Stochastic averaging principle and stability for multi-valued McKean-Vlasov stochastic differential equations with jumps

TL;DR

This paper establishes a stochastic averaging principle and stability results for multi-valued McKean-Vlasov stochastic differential equations with jumps, extending classical Itô's formula and analyzing solution stability.

Contribution

It introduces an averaging principle for complex McKean-Vlasov equations with jumps and extends Itô's formula to this setting, providing stability analysis tools.

Findings

Solutions can be approximated by averaged equations in mean square sense.

Extended Itô's formula applicable to multi-valued McKean-Vlasov equations with jumps.
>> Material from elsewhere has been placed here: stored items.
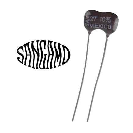 Sangamo 27pF 10% 300V dipped silver mica capacitor is 0.42" × 0.15" × 0.32" H. Brand new with full length leads.WARNING: This product can expose you to chemicals including lead, which is known to the State of California to cause cancer. For more information, go to www.P65Warnings.ca.gov - Why is this here?
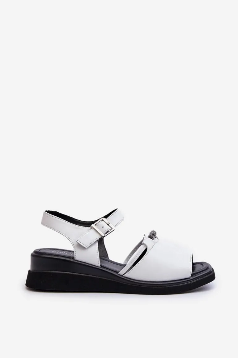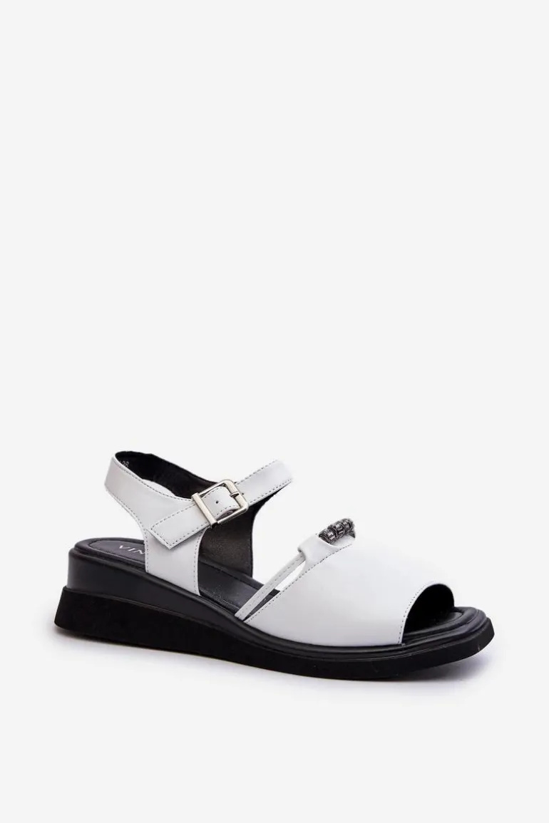 Skórzane Sandały Damskie Na Koturnie Vinceza 66624 Białe
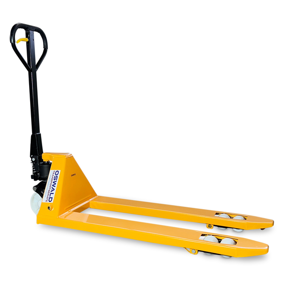 Mit dem klassischen Hubwagen heben, senken und verfahren Sie schwer beladene Paletten schnell, sicher und effizient. Er ist für die tägliche Beanspruchung in Industrie, Handel und Logistik ausgelegt und in puncto Preis-/Leistungsverhältnis kaum zu schlagen. Die jeweils um 210° nach rechts und links drehbare Deichsel macht diesen Hubwagen sehr wendig und alltagstauglich für viele professionelle Anwendungen rund ums Lager. Der robuste Gabelhubwagen ist dank stabiler Konstruktion und hoher Verarbeitungsqualität äußerst wartungsarm im Betrieb und hat auch im Dauereinsatz eine lange Lebensdauer.
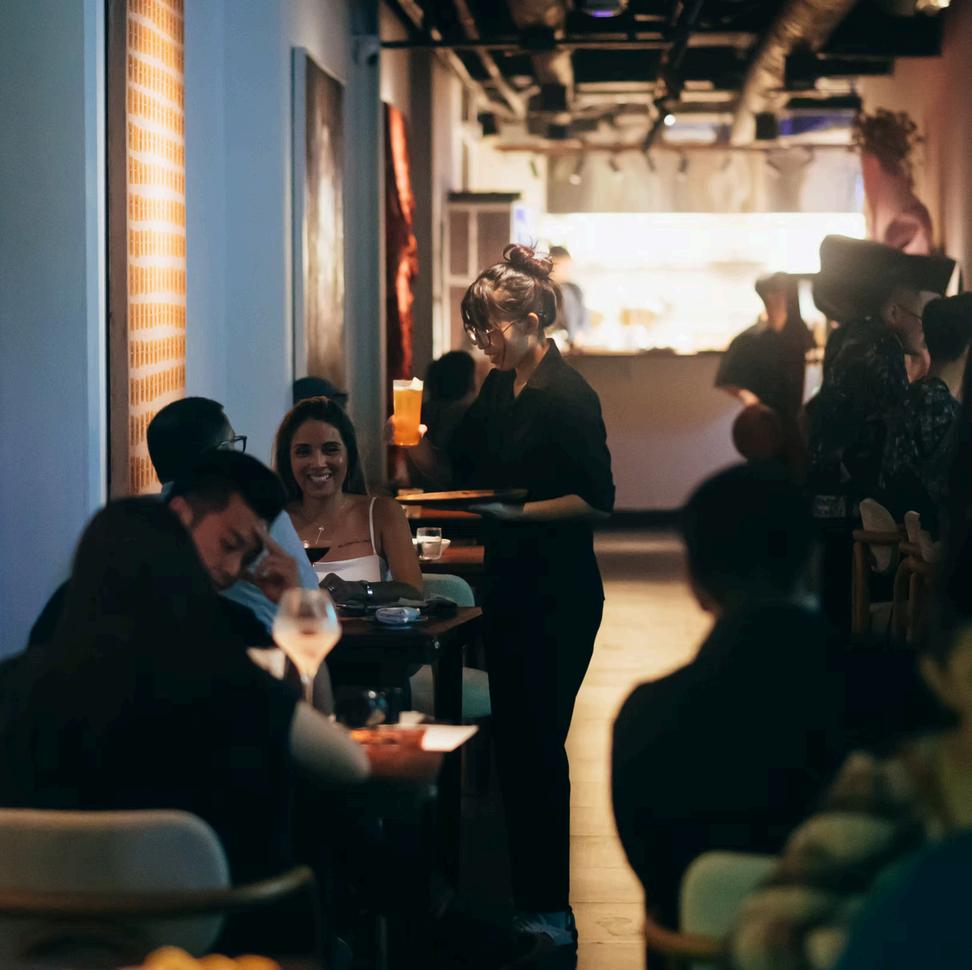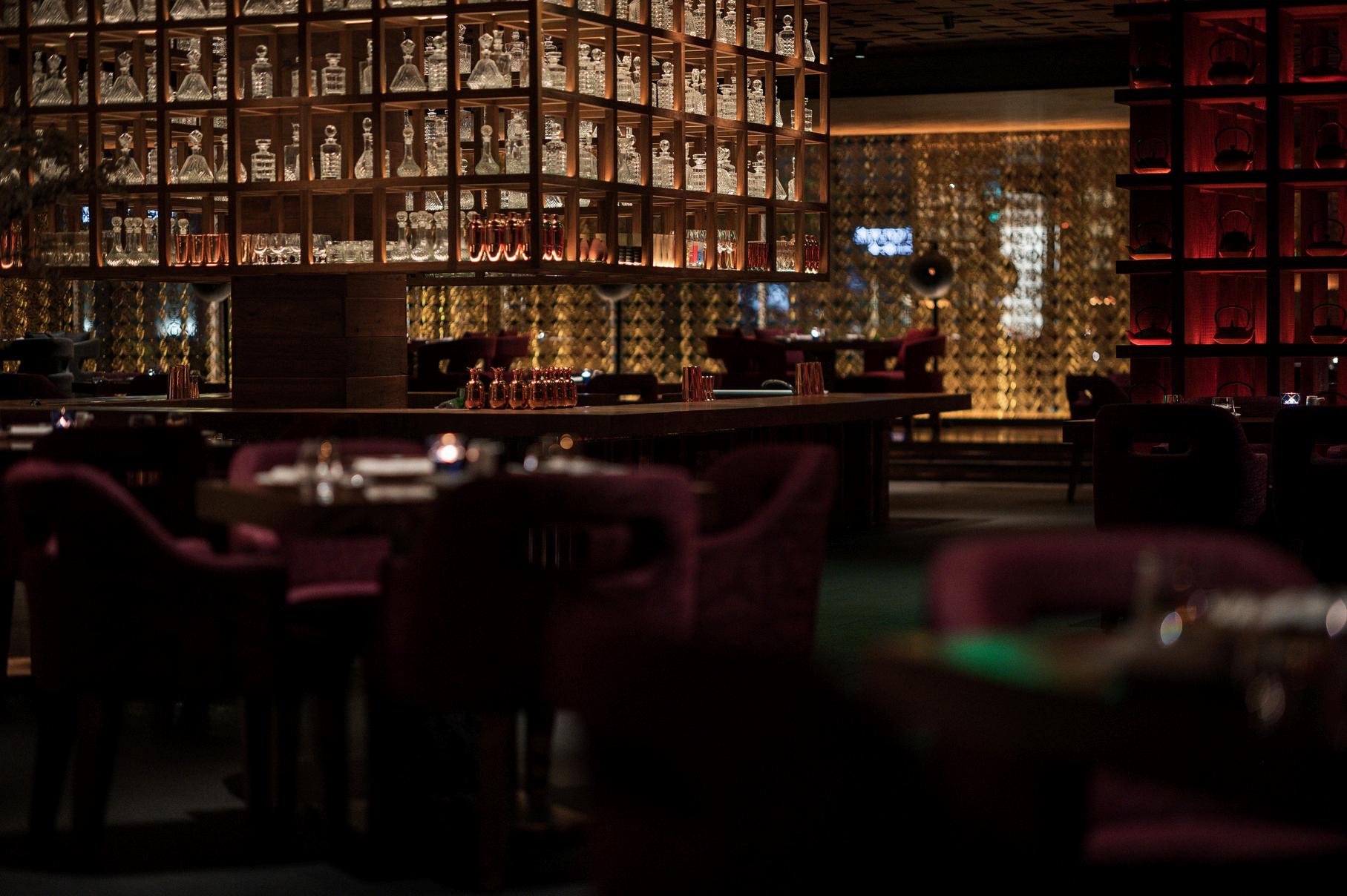 Music and lighting enhance the mood, creating a relaxed but lively atmosphere that evolves as the evening progresses. The cocktail bar and lounge seating areas invite guests to linger, whether beginning the night with drinks or continuing long after dinner. Service remains attentive and intuitive, delivered with a sense of hospitality that feels personal rather than structured.
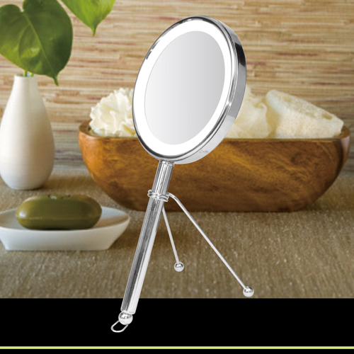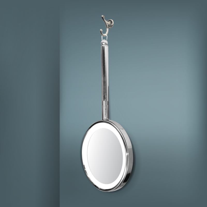 - Flexibel placering: Kan användas som handspegel, ställas på ett stativ eller hängas upp.
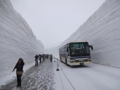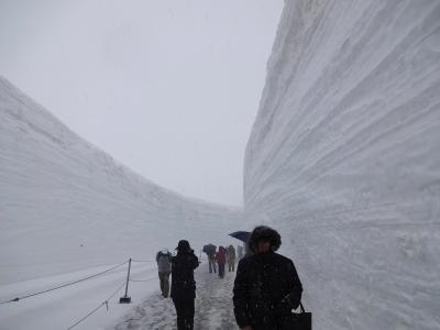 長野の大町側「扇沢」駅よりトロリーバスやケーブルカー、ロープーウェイを乗り継ぎ、この「雪の大谷」のある「室堂」までやって来ます。
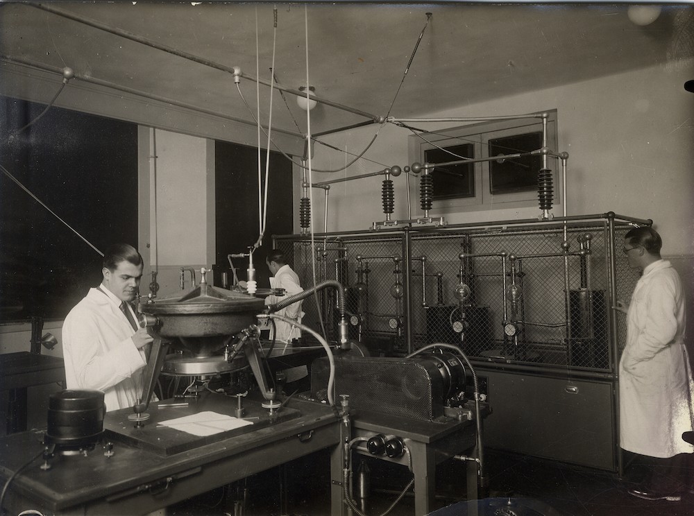 Laboratorio de rayos X en el Instituto Nacional de Física y Química hacia 1935. Ministerio de Educación, Cultura y Deporte (MECD), Archivo General de la Administración (AGA), Fondo "Medios de Comunicación Social del Estado".
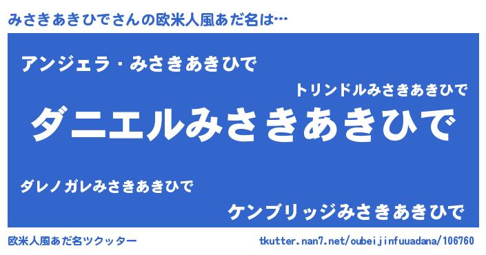 | 男性向けラノベタイトル風あだ名 | 『おまえをオタクにしてやるから、俺をみさきあきひでにしてくれ! 』 |
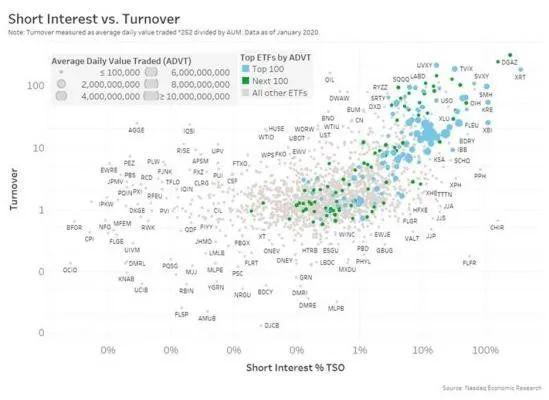 对冲基金和银行是做空的大多数投资者(从而产生了空头净额)。毫不奇怪,他们更喜欢流动性强,交易价格便宜的ETF。他们还倾向于为短期主题敞口而持有ETF,从而提升周转率。
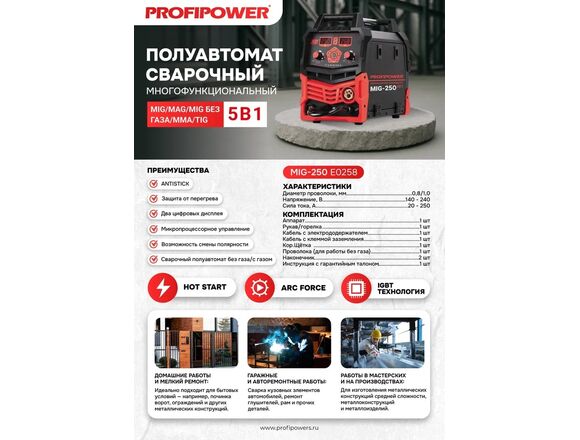 Инвертор сварочный ПОЛУАВТОМАТ PROFIPOWER 250А 4 в 1 (MIG/MAG//ММА/TIG) (MIG-250) (1/1)
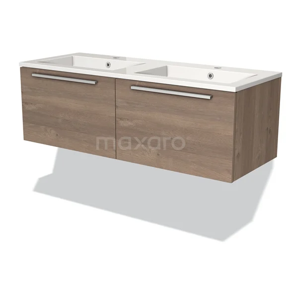 Modulo Bathroom furniture with sink | 120 cm Mid brown oak Flat front Mineral marble 2 Side-by-side drawers
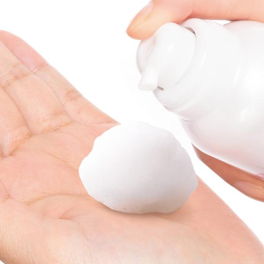 1.容器を上下によく振り、ボタンが上になるよう持ちます。手のひらにくぼみをつくり適量(ピンポン玉大)をスプレーし、泡を手のひらに軽く広げます。
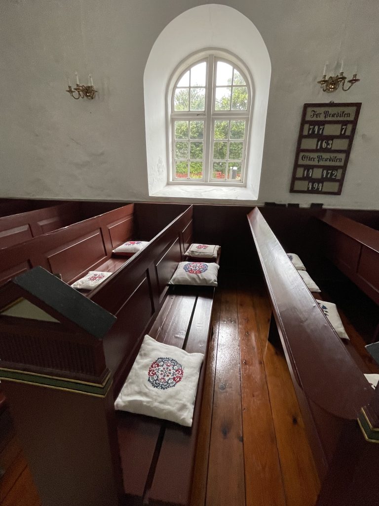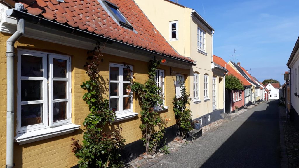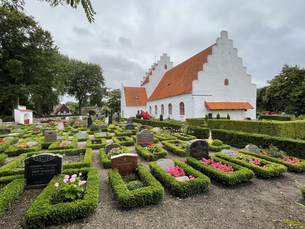 Dann erreichen wir die Kirche aus der Reformationszeit mit Dänemarks einzigem erhaltenen Rundfriedhof. Er soll auch einer der schönsten Friedhöfe sein: jede einzelne Grabstätte ist mit einer kleinen Buchsbaumhecke eingefasst und liebevoll bepflanzt. Auf jeden Fall lohnt sich der Spaziergang vom Hafen bis hierher!
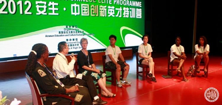 7月23~30日,由美国安生文教交流基金会主办、北京第四中学协办的“2012安生·中国创新英才特训营”成功举行。来自中国百多所顶尖学校的235名高中生及25名来自美国的优秀中学生(包括13位美国总统学者奖获得者及10位来自美国优秀私立学校的学生)齐聚北京四中。我校高三年级孙培根、刘李阳等等同学参加了此次活动。 |

Proved exponential stability and boundedness of solutions using Lyapunov functions.

Abstract

In this paper, we consider the stochastic averaging principle and stability for multi-valued McKean-Vlasov stochastic differential equations with jumps. First, under certain averaging conditions, we are able to show that the solutions of the equations concerned can be approximated by solutions of the associated averaged multi-valued McKean-Vlasov stochastic differential equations with jumps in the sense of the mean square convergence. Second, we extend the classical It\^{o}'s formula from stochastic differential equations to multi-valued McKean-Vlasov stochastic differential equations with jumps. Last, as application of It\^{o}'s formula, we present the exponential stability of second moments, the exponentially 2-ultimate boundedness and the almost surely asymptotic stability for their solutions in terms of a Lyapunov function.